The story goes that when he was a kid, Mercury stole his older brother Apollo’s cattle. He had shoes made of bark and grass to disguise his footprints, and he drove the cattle very far away and tried to confuse everyone. When Apollo found out it was his little brother that stole his sheep he was furious!

I don’t know about you, but I wish the Congress had only stolen cattle. We could maybe give them some slack.

Of course Mercury (Hermes) denied he had stolen the cattle claiming he was only an innocent little brother. Apollo ended up forgiving him though because Mercury played the lyre so well that he gave in. The music was just too sweet. Mercury then gave him the lyre. What a guy.

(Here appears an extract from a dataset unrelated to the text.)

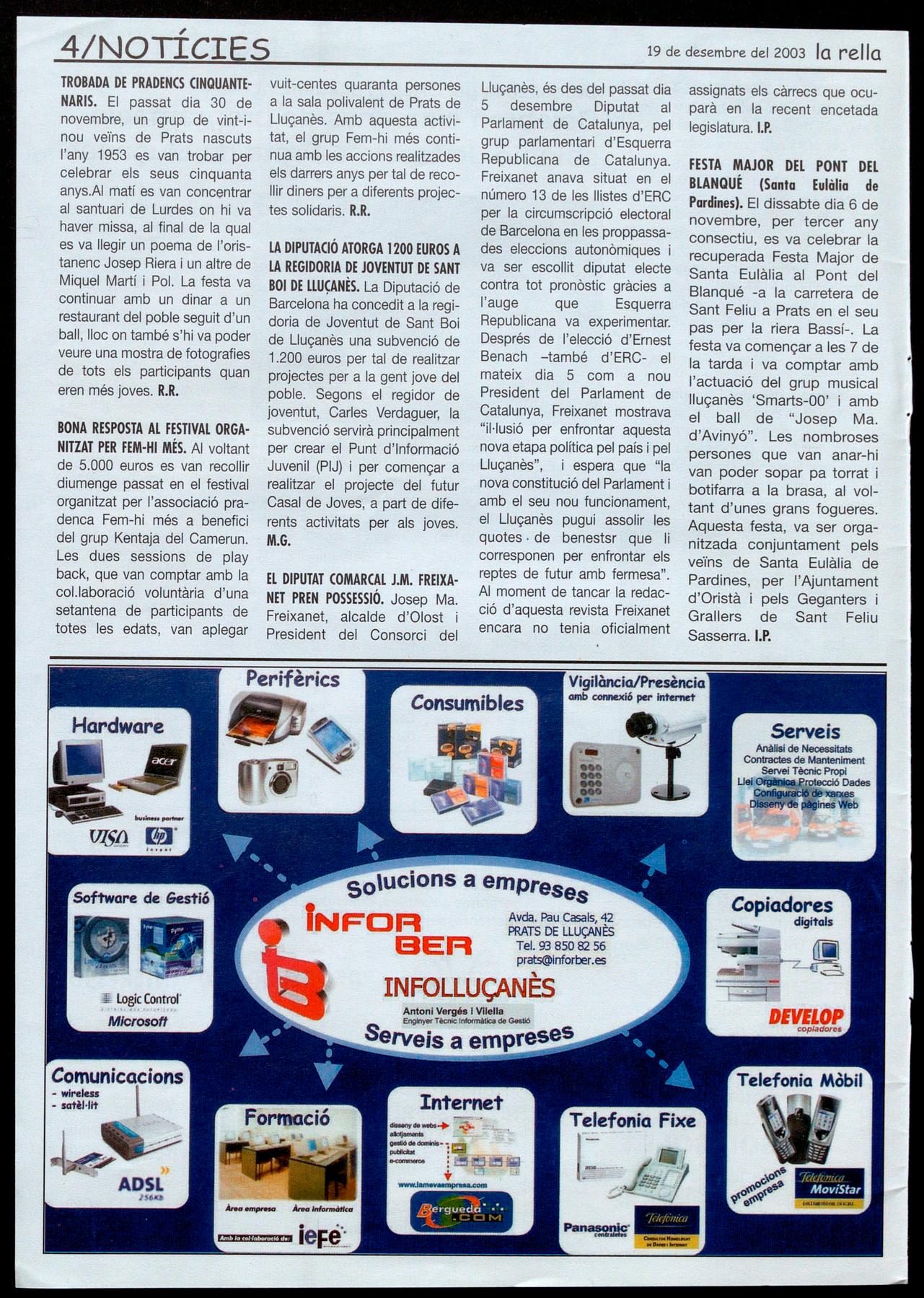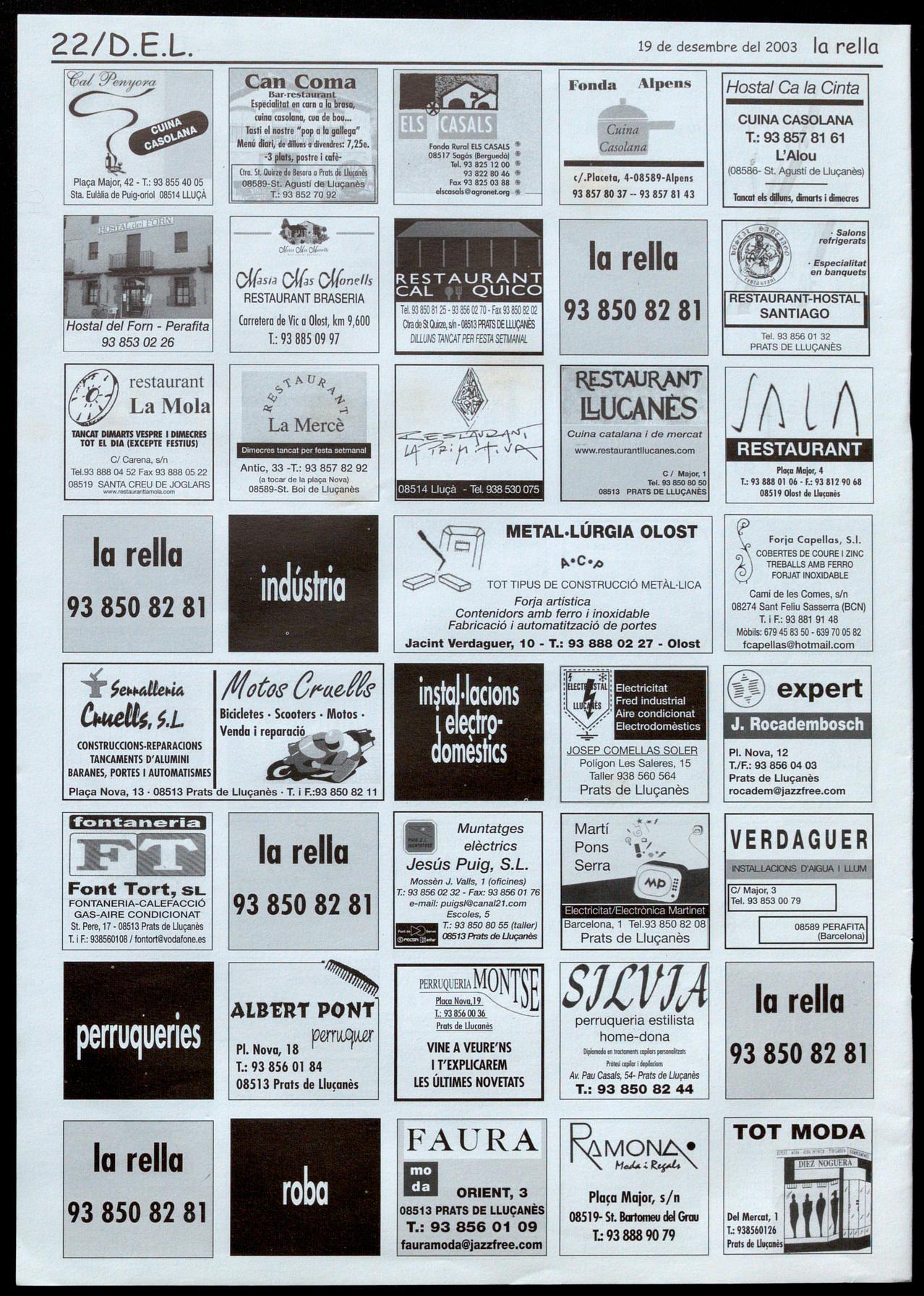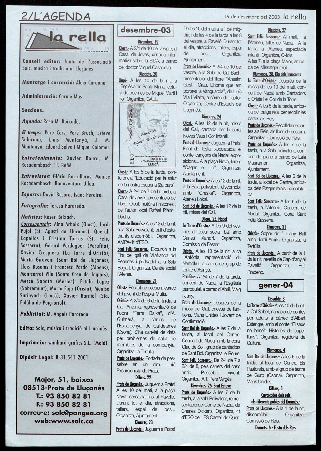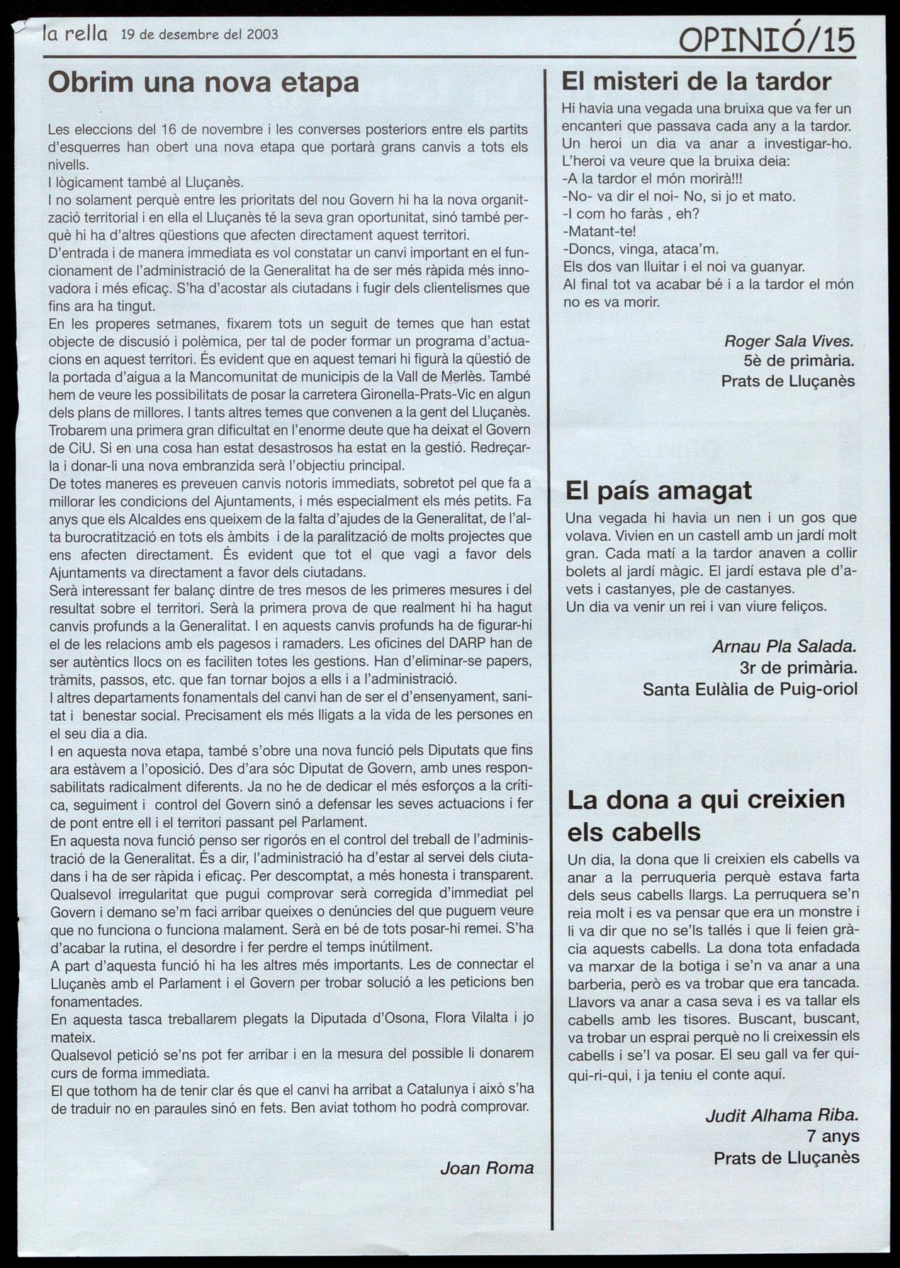 Corresponsals: Aina Arboix (Olost), Jordi Pujol (St. Agustí de lluçanès), Queralt Capellas i Cristina Torras (St. Feliu Sasserra), Gerard Verdaguer (Perafita), Xavier Crespi era (lo Torre d'Oristà), Morta Giravent (Sant Boi de lluçanès), lluís Bosoms i Francesc Pardo (Alpens), Montserrat Vila (Santa Creu de Joglars), Mercè Sabata (Merlès), Estela lopez (Sobremunt), Morta Faja (Oristà), Montse Surinyach (lluçà), Xavier Barniol (Sta. Eulàlia de Puig-oriol].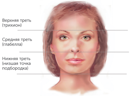 Руководящим принципом оценки пропорций является правило третей, первоначально описанное Леонардо да Винчи. Трети лица простираются от линии роста волос до линии глабеллы (бровей), от бровей до основания носа и от основания носа до подбородка. При правильных пропорциях эти трети равны между собой (рис. 2).

This was before rap. If Mercury had been a rap artist, Apollo might have whipped him to death, as he did another guy for having played the lyre too well. The egos of the Gods have not changed.

Evidently though, Mercury’s lyre playing was not better than Apollo’s but just good enough to charm him into forgiving him for stealing the cattle. In fact, Apollo had pretty much got screwed, because he never got his cattle back. The guy was just stupid.

The Romans thought that this was the world’s first business deal. Not much different than the workers amnesty program being suggested on the floor of the Senate today.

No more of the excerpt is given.